A1,
A2,
B,
C1,
C2,
D,
E,
F,
G-H,
I-K,
L,
M,
N,
O,
P1,
P2,
Q-R,
S,
T,
U-V,
W-Z
Meclofenamate Side Effects, and Drug Interactions - Meclofenamate
Meclofenamate Side Effects, and Drug Interactions - Meclofenamate
SIDE EFFECTS
Incidence Greater Than 1%
The following adverse reactions were observed in clinical
trials and included observations from more than 2,700 patients,
594 of whom were treated for one year and 248 for at least two years.

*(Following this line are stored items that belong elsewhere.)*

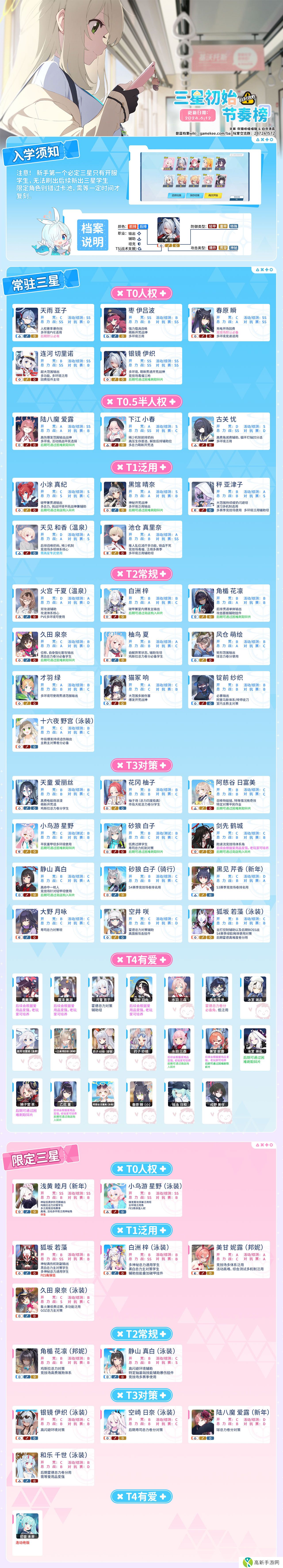 今日带来的事碧蓝档案国服(国服正式名为“蔚蓝档案”)三星初始、节奏榜,涵盖范围为新手开荒、总力战、活动高难 综合测试、对抗赛S3赛季,请根据自身玩法以及需求选择喜欢的学生! 注意!新手第一个必定三星只
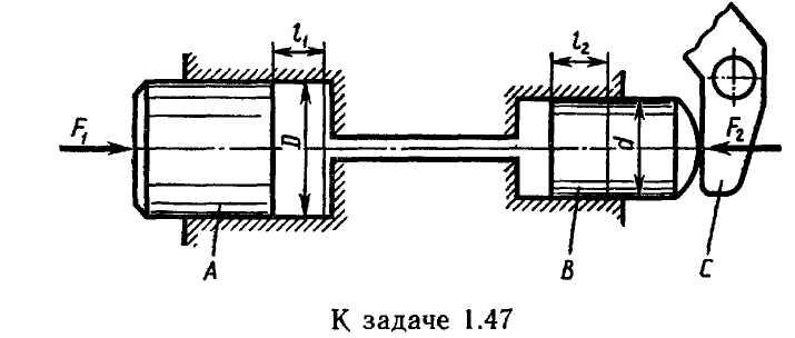 Задача 1.47. В системе дистанционного гидроуправления необходимо обеспечить ход h поршня В равным ходу l1 поршня А, т. е. l1 = l2 = l = 32 мм. Поршень В диаметром d = 20 мм должен действовать на рычаг С с силой F2 = 8 кН. Цилиндры и трубопровод заполнены маслом с модулем упругости К= 1400 МПа. Объем масла, залитого при атмосферном давлении, V=700 см3. Определить диаметр D поршня A и силу F1, приложенную к поршню А. Упругостью стенок цилиндров и трубок, а также силами трения поршней о стенки цилиндров пренебречь.
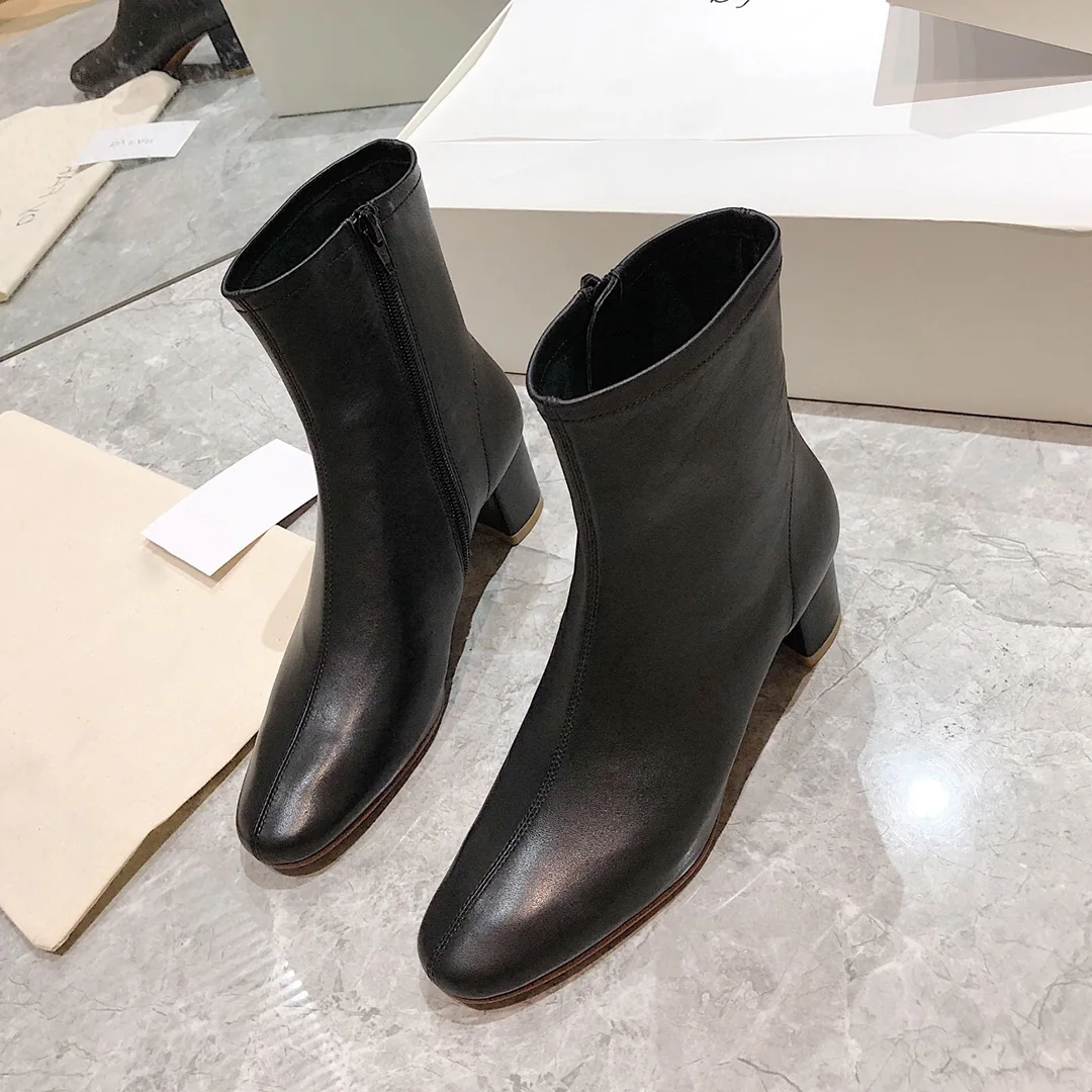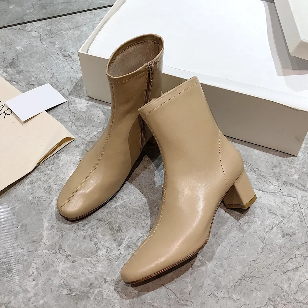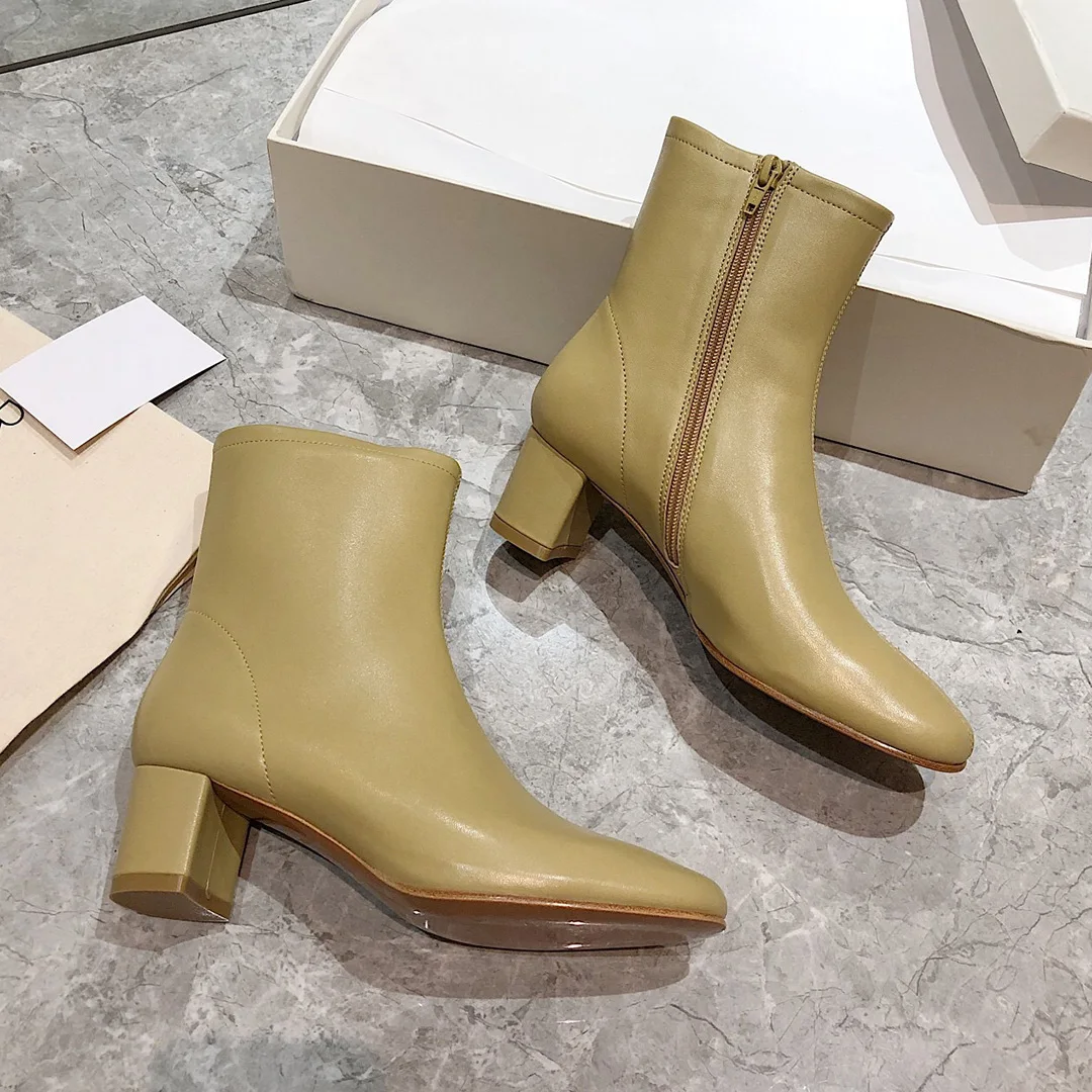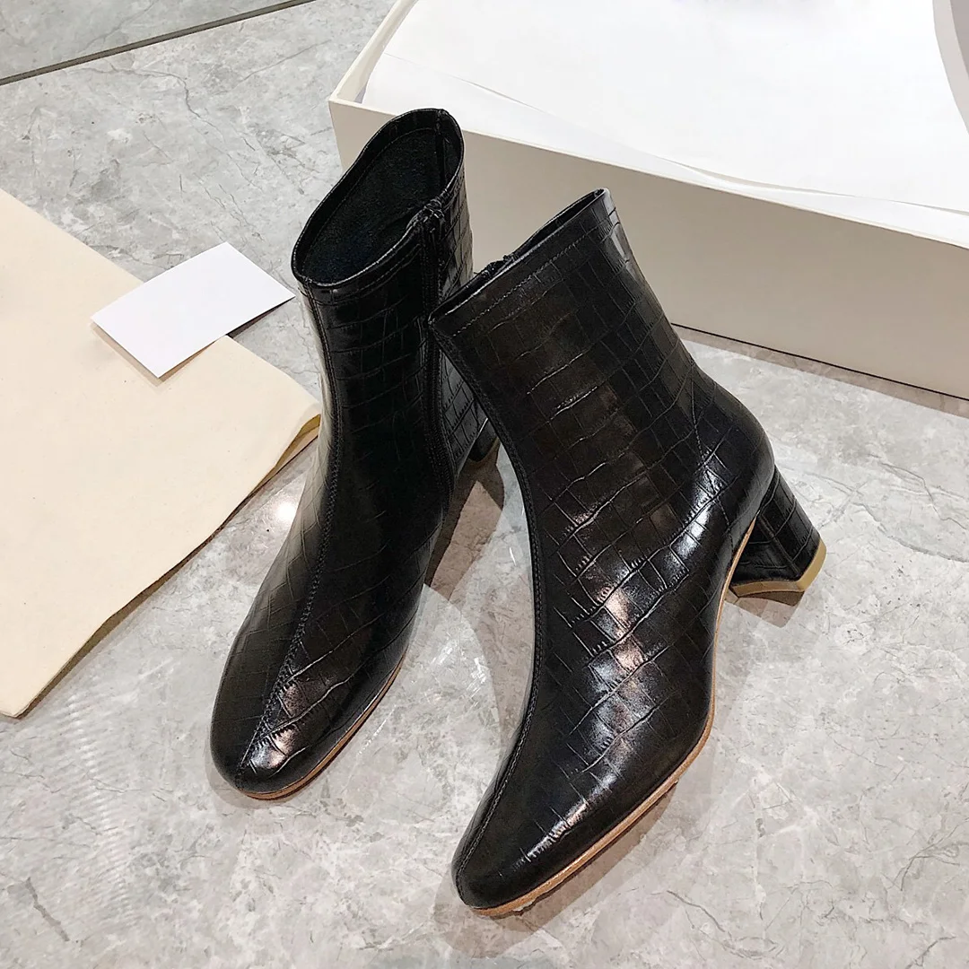 Полусапожки женские из натуральной кожи, на массивном каблуке, с боковой молнией, осень 2021

Gastrointestinal: The most frequently reported adverse
reactions associated with meclofenamate sodium
involve the gastrointestinal system. In
controlled studies of up to six months duration, these disturbances
occurred in the following decreasing order
of frequency with
the approximate incidences in parentheses: diarrhea
(10% to 33%), nausea
with or without vomiting (11%), other gastrointestinal
disorders (10%), and abdominal
pain.* In long-term uncontrolled studies of up to four years duration,
one third of the patients had at least one episode
of diarrhea some time
during meclofenamate sodium therapy. In
approximately 4% of the patients in controlled studies, diarrhea
was severe enough to require discontinuation of meclofenamate sodium.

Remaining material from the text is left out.